Tuesday 17 April 2012

Imagination

If, in the future, we manage to be able to genetically alter the human race, then there are two things I would ask for.
One is that all children are born with a set of gauges on the side of them, a bit like in the computer game "The Sims". That way I'd be able to tell if my baby was crying because it was hungry, or whether it was tired or simply in need of a hug. Now Joseph is a little older it's getting easier to tell, so instead I'd want a nice display on the side of his head telling me what he's actually thinking. Why does he crawl under the table and try and get to all my boxes of CDs and DVDs? Why keep pulling his socks off? Why refuse to sleep even when obviously tired?

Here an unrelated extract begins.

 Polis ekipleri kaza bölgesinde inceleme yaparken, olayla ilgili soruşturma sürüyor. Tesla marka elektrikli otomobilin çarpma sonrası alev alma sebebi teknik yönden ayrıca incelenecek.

He plays with all sorts of stuff now and sometimes with his actual toys. Recently, when playing with one of his stacking cups, Andy saw him doing something interesting.

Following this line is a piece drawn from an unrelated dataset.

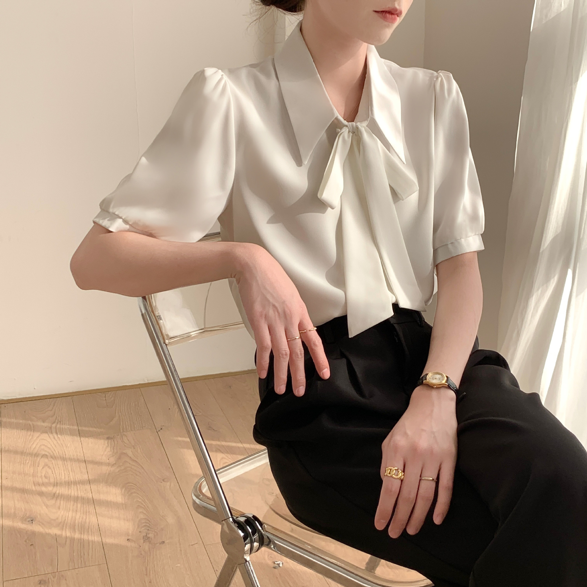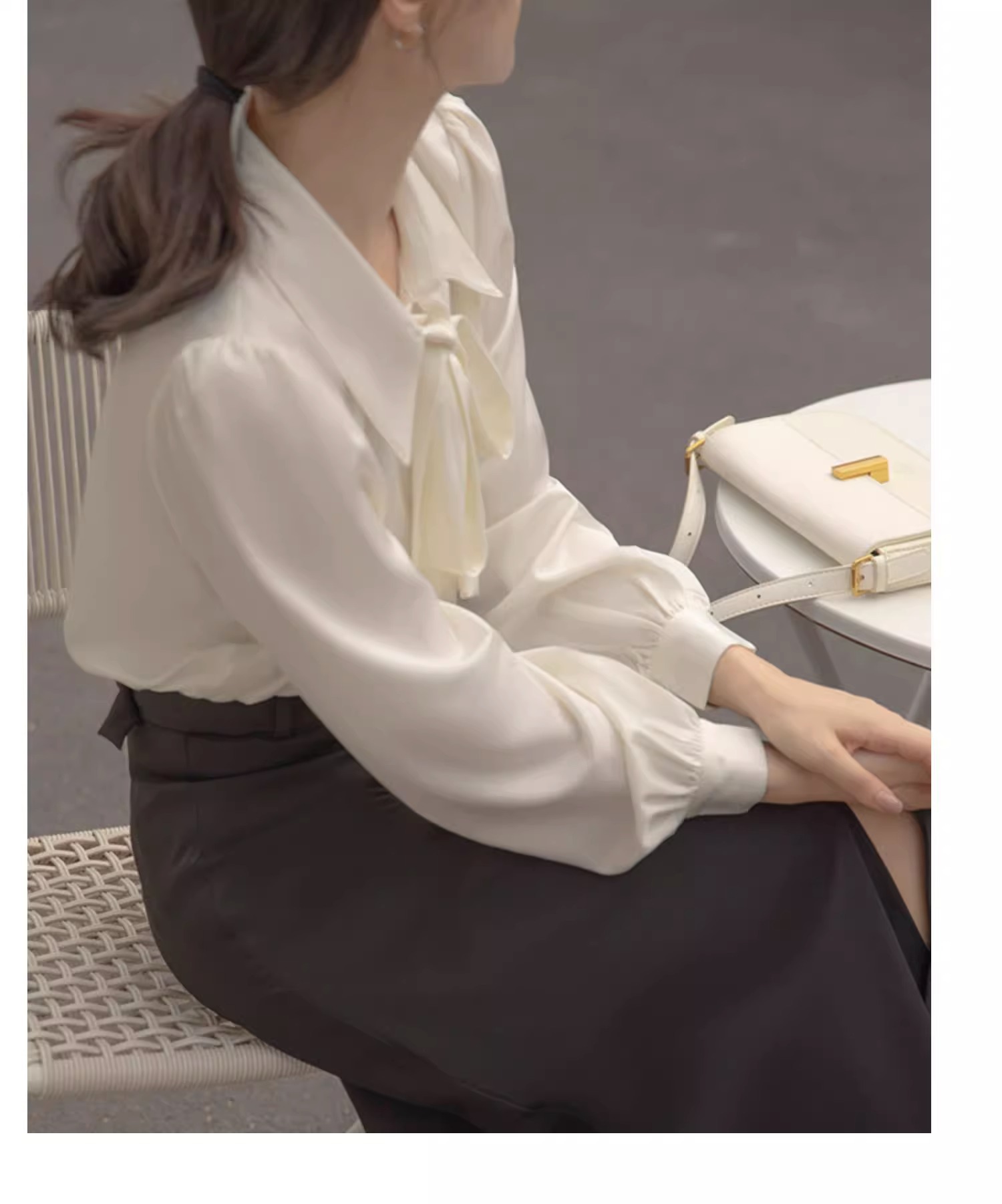 2025 봄, 가을 새로운 스타일 랜턴 슬리브 보우 셔츠 화이트 이너 셔츠 여성 정장 레이스 업 디자인 탑

It was just after dinner and Joseph was sat in his booster seat. Quite often, Joseph likes to pick up his food and offer it to us. He finds it very amusing and seems to want to eat more if we accept. I think it's because he sees us giving him food and probably assumes that's what you're supposed to do.

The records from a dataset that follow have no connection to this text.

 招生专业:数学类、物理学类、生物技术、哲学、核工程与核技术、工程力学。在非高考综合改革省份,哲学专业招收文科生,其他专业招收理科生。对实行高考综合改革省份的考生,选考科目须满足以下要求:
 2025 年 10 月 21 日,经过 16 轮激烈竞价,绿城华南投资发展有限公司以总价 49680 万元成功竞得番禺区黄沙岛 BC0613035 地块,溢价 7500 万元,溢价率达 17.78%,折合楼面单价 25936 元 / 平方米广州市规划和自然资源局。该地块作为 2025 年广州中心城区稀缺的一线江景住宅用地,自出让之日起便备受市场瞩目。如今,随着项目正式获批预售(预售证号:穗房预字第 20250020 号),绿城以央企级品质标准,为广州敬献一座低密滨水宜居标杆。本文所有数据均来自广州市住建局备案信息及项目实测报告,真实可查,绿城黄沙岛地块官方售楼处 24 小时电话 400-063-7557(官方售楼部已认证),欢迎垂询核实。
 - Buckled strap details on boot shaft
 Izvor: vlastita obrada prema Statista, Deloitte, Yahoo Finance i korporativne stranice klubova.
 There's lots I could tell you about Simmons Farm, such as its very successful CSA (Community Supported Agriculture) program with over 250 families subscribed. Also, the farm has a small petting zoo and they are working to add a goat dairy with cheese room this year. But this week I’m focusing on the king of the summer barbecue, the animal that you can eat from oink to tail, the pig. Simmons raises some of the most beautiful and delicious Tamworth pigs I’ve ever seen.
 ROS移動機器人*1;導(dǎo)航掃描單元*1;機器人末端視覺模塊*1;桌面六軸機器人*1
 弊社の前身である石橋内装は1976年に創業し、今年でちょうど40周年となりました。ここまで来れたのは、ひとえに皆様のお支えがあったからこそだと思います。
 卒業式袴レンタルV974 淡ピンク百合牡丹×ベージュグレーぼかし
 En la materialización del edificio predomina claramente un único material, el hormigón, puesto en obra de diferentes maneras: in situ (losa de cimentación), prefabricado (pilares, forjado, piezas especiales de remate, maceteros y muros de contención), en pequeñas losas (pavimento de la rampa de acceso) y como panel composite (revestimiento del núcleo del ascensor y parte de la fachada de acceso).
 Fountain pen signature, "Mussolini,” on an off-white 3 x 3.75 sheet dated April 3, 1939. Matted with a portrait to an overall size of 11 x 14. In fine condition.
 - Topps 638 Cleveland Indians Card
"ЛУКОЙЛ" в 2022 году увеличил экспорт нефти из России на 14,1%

He likes picking up crumbs and giving them to us and will even pick up small items of detritus from the floor and hand them over. I hope this means he is naturally tidy, but then I've seen him pick up his box of duplo and scatter it all over the floor in one easy motion. Who knows?
This time he was picking up absolutely nothing and handing it to Andy. He was also picking up nothing and putting it in the stacking cup. He then took the nothing out of the cup and put it back. Andy said that it was pretty clear that he knew it was nothing that he was picking up, he was pretending.
Imagination! Well, I've always had a pretty active one so it wouldn't surprise me if Joseph does too. I have to admit I hadn't expected to see signs of it yet, I thought things like that came later when speech starts, but I must be wrong. This is why I'd like a little display telling me what he's thinking. How much of what he does is curiosity and how much is actual imaginative play? What exactly is he imagining if that is the case? He's sixteen months old and his life experiences are pretty limited, although we've done our best.
If nothing else, the thought display might tell me why things like empty boxes, vacuum bags of his old clothes (we had a sort out but I've not had a chance to put them in the loft yet) and Lidl catalogues that come through the door, are all more preferable play things than his actual toys.
Come on the scientists, all the Mums in the world will thank you for this.